*** Opening Data supplied ***

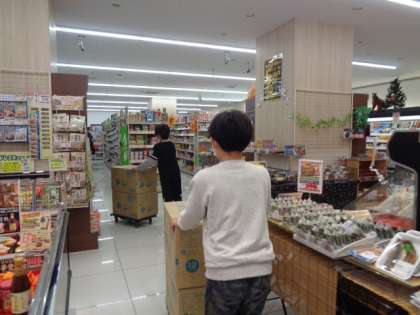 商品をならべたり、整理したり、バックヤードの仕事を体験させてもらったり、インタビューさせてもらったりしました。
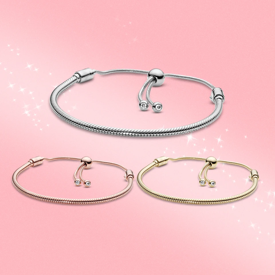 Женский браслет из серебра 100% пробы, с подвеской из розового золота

*** Closing Data supplied ***
*** Opening Data supplied ***

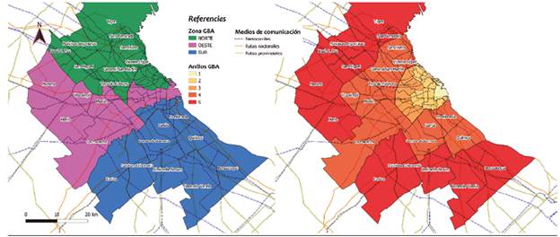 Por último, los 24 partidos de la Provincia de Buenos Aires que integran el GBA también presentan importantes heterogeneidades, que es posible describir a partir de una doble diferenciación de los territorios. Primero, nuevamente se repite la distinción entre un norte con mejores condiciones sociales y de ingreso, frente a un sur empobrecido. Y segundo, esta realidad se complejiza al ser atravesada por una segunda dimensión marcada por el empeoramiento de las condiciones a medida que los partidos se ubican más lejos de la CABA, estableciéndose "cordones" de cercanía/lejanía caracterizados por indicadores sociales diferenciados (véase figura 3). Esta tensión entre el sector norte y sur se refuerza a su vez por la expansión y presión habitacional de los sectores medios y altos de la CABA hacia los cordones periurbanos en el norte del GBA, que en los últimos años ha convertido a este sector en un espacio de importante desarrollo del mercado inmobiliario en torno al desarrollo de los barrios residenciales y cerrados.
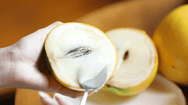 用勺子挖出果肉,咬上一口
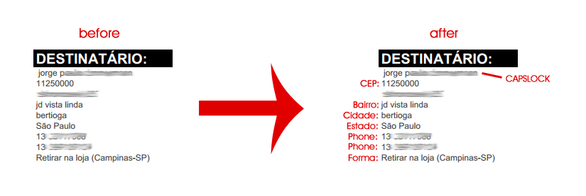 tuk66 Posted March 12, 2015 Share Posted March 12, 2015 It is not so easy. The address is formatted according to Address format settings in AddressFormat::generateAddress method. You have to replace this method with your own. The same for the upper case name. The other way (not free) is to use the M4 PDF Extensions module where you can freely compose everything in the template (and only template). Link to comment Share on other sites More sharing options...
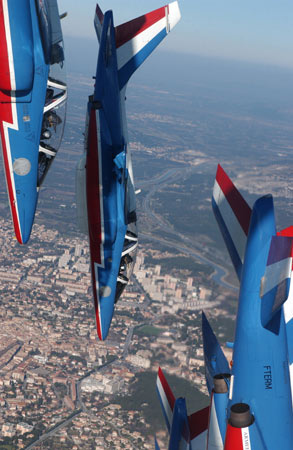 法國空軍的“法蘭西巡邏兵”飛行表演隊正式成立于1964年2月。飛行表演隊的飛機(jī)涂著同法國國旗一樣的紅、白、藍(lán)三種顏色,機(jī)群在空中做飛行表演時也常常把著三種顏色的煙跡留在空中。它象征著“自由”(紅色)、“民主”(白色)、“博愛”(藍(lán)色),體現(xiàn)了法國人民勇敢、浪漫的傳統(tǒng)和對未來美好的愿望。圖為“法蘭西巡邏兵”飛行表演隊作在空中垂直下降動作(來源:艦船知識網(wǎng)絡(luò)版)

*** Closing Data supplied ***
*** Opening Data supplied ***

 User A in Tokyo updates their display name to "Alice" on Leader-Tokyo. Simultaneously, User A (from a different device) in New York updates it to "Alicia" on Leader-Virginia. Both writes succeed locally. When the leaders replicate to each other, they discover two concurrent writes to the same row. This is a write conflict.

*** Closing Data supplied ***

→ Work instructions
Extract the part of the records that opens with the line containing "商品をならべたり、整理したり" and closes with the line containing "Женский браслет из". Take only those lines, exactly, and no pictures.

→ Solved exercise
 商品をならべたり、整理したり、バックヤードの仕事を体験させてもらったり、インタビューさせてもらったりしました。
 Женский браслет из серебра 100% пробы, с подвеской из розового золота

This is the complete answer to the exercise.